Task statement: In the listing below, find the line holding "José Antonio Díez" and the line holding "振蕩1h后不加樣片菌落總數 (cfu/mL) |". Write out those two lines and all lines between, exactly, and nothing more.

Exercise input:
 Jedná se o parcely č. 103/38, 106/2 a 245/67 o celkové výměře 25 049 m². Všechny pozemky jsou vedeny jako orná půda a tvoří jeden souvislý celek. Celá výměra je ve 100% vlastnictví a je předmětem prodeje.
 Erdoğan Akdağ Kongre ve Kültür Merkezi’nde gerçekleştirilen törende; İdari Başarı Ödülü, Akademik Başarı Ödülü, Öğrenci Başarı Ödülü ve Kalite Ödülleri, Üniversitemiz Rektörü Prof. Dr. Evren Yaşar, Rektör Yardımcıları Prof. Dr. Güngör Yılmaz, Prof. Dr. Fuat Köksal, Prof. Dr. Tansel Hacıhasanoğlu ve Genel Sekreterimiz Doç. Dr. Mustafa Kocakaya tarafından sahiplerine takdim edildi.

* * *

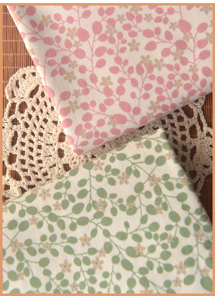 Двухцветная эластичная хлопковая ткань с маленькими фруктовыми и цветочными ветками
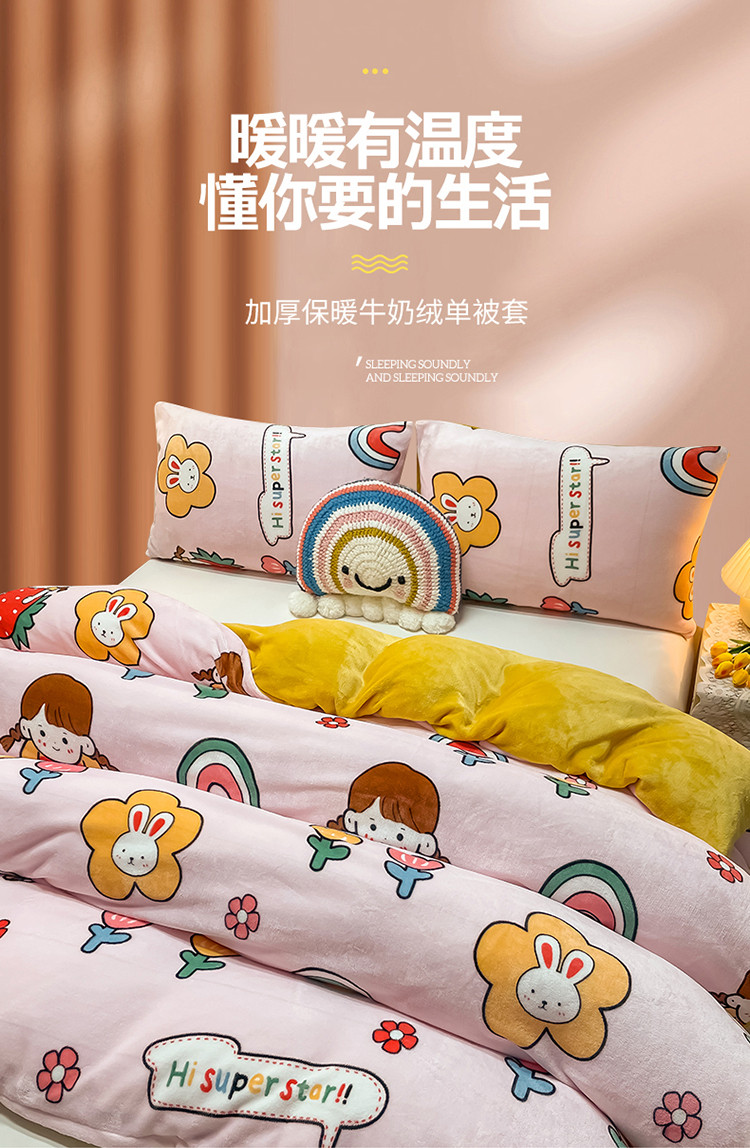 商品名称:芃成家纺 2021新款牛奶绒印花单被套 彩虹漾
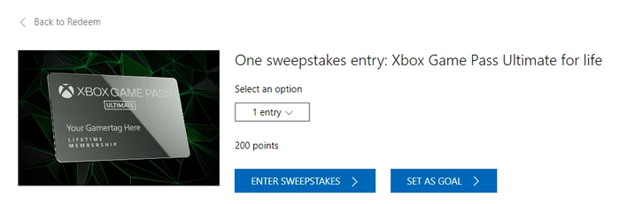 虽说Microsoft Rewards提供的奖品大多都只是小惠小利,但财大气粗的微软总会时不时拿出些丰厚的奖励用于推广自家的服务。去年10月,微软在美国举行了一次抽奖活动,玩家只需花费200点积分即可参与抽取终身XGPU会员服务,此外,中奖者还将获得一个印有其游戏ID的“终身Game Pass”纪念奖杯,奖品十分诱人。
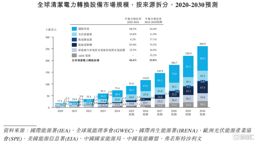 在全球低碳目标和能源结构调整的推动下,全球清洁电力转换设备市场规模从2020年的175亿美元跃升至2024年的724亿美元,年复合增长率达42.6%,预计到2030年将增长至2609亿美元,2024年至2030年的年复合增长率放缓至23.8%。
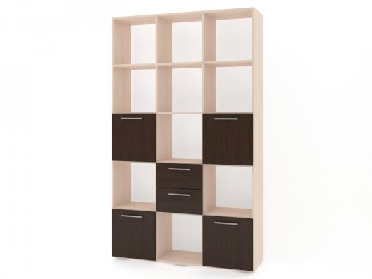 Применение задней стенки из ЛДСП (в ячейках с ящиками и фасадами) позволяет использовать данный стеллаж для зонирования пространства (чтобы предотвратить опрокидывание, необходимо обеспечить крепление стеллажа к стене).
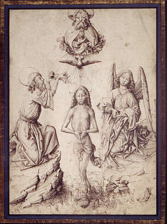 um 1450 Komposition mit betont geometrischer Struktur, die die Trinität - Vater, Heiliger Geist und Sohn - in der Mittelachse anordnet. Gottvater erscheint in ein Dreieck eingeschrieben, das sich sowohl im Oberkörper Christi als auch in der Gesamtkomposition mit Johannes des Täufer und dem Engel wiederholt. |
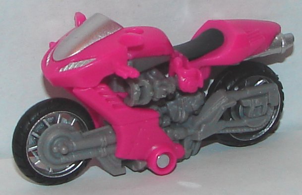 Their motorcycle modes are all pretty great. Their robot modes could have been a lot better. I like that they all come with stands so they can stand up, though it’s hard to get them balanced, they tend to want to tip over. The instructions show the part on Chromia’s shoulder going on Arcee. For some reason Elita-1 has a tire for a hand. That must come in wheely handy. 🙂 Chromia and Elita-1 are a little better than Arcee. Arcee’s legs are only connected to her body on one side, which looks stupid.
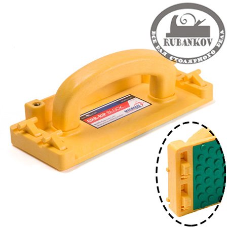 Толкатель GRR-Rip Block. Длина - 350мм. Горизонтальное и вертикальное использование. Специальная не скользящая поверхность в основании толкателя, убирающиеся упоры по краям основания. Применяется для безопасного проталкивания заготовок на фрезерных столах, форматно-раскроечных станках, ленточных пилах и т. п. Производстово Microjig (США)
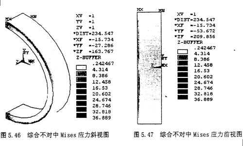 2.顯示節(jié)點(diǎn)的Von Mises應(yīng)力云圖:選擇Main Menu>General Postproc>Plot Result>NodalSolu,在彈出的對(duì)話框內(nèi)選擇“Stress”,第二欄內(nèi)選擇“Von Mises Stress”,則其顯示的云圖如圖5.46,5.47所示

--

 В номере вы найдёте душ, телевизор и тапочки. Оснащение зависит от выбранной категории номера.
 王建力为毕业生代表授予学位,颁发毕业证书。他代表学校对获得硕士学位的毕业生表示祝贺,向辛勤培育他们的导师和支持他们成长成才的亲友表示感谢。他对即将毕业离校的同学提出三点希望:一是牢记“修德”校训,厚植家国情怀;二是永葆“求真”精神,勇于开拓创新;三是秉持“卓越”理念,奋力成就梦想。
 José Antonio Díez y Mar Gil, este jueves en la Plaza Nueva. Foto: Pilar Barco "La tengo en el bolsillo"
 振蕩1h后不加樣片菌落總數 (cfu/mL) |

Result:
 José Antonio Díez y Mar Gil, este jueves en la Plaza Nueva. Foto: Pilar Barco "La tengo en el bolsillo"
 振蕩1h后不加樣片菌落總數 (cfu/mL) |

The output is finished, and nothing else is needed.